[FOM] Arithmetic with Limited Exponentiation II
Dmytro Taranovsky
dmytro at mit.edu
Sun Nov 29 20:03:49 EST 2015
Part of foundations of mathematics is finding weak systems that capture
much of mathematics -- and are convenient to work with. A natural
notion of weak is interpretable in IDelta_0, which is arithmetic with
bounded quantifier induction. Going below IDelta_0 under
interpretability requires restricting first order logic (assuming that
every number has a successor and addition and multiplication have a few
basic properties), and conversely if first order logic is restricted to
boolean combinations of Pi^0_k sentences, IDelta_0 does not have length
n proof of existence of 2^2^...^n (k+5 2s).
Here, I will present and analyze a natural hierarchy of theories
interpretable in IDelta_0. It is surprising how much can be
interpreted, including (new result) Weak Konig's Lemma.
Familiarity with my "Arithmetic with Limited Exponentiation" posting
(Nov 21, 2015) is not required. A good background can be found in
"Interpretability in Robinson's Q" in the Bulletin of Symbolic Logic.

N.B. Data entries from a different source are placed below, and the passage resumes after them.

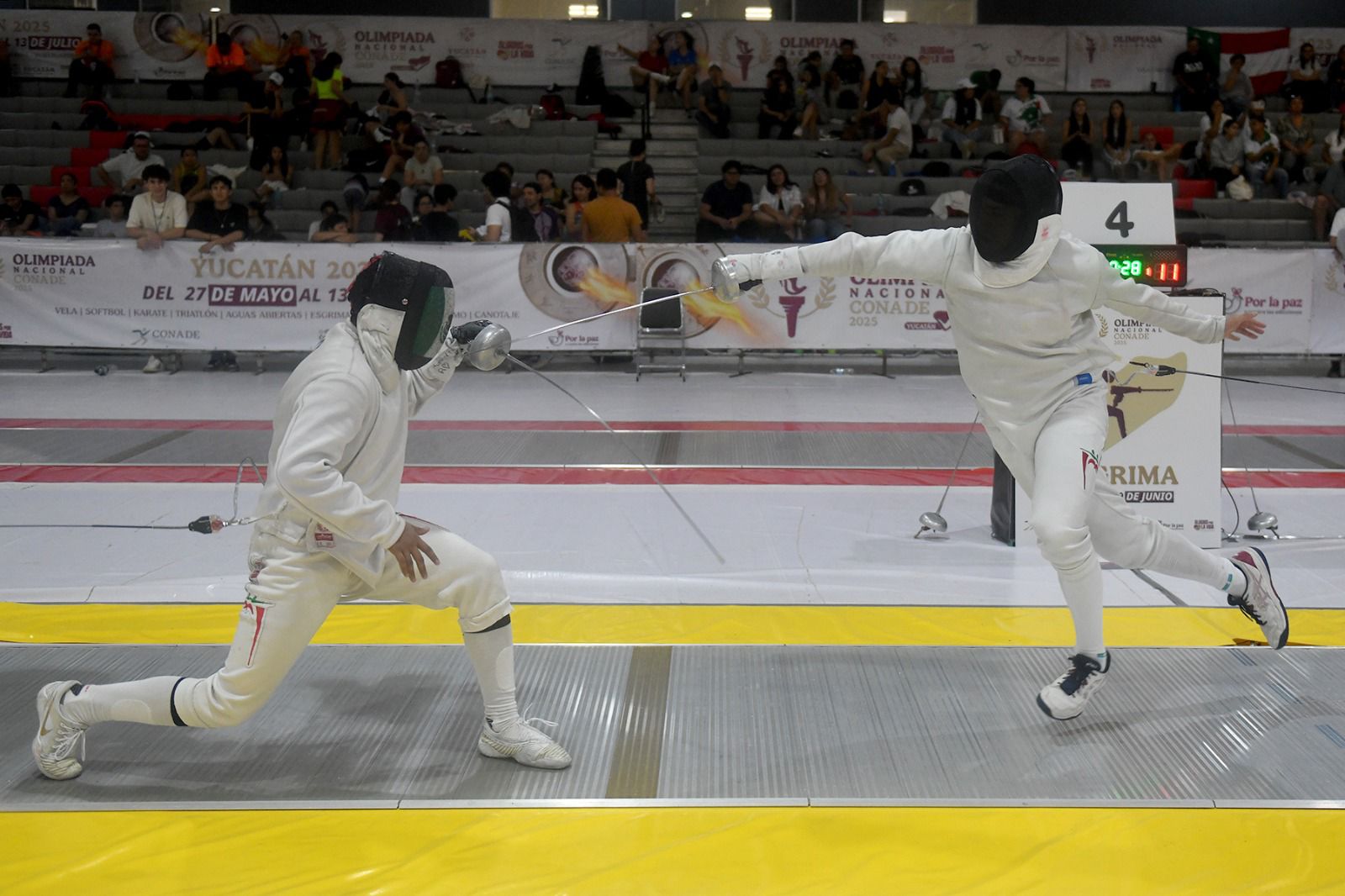 MÉRIDA, Yucatán | 21 de junio de 2025.- Con una destacada actuación en las pruebas individuales, la delegación juvenil de esgrima inició su participación con fuerza en el primer día de competencias del calendario nacional. Las emociones arrancaron con las finales de espada, sable y florete en la categoría Juvenil (18-20 años), correspondientes a los nacidos entre 2005 y 2007.
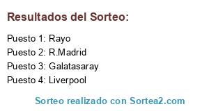 Lista de participantes: Liverpool, Rayo, Galatasaray, R.Madrid.
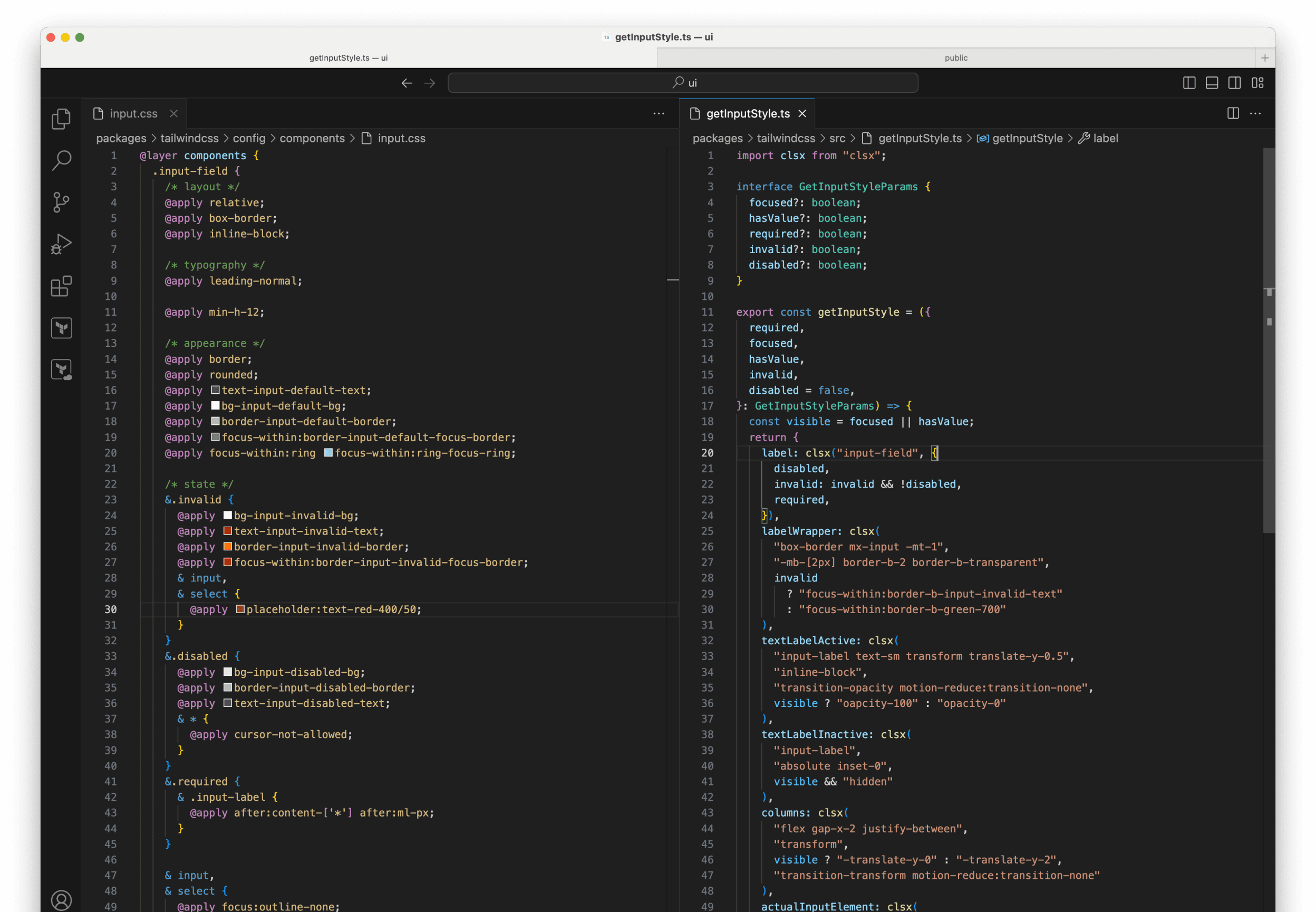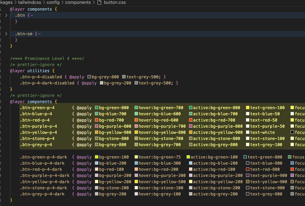 The reason why we still use a bunch of Tailwind-specific syntax when we supposedly can just use vanilla CSS is to benefit from the state modifiers from Tailwind. I've tried a few different vanilla approaches like CSS Variables or just plain straight CSS, but eventually I realized with @apply the code is the easiest to author - each color token is arranged like the table structure we have in the Figma file.

== The Theory and its Extensions ==
The theory will have 4 types:
* unary numbers, as in physical sizes; this type is used for convenience
and intuitive appeal; n is unary iff 2^n exists as binary
* binary numbers, as in digital data; below, by numbers we will mean
binary numbers
* functions: map numbers into numbers
* operators: map functions into functions.
Notes:
* Many Pi^0_2 number theory theorems will need to weakened as: For every
unary number there is a binary number such that the bounded-quantifier
relation holds.
* One can add additional types of numbers, such as small numbers (say n
is small iff 2^n exists as unary), and additional types of operators,
such as hyperoperators (mapping operators into operators).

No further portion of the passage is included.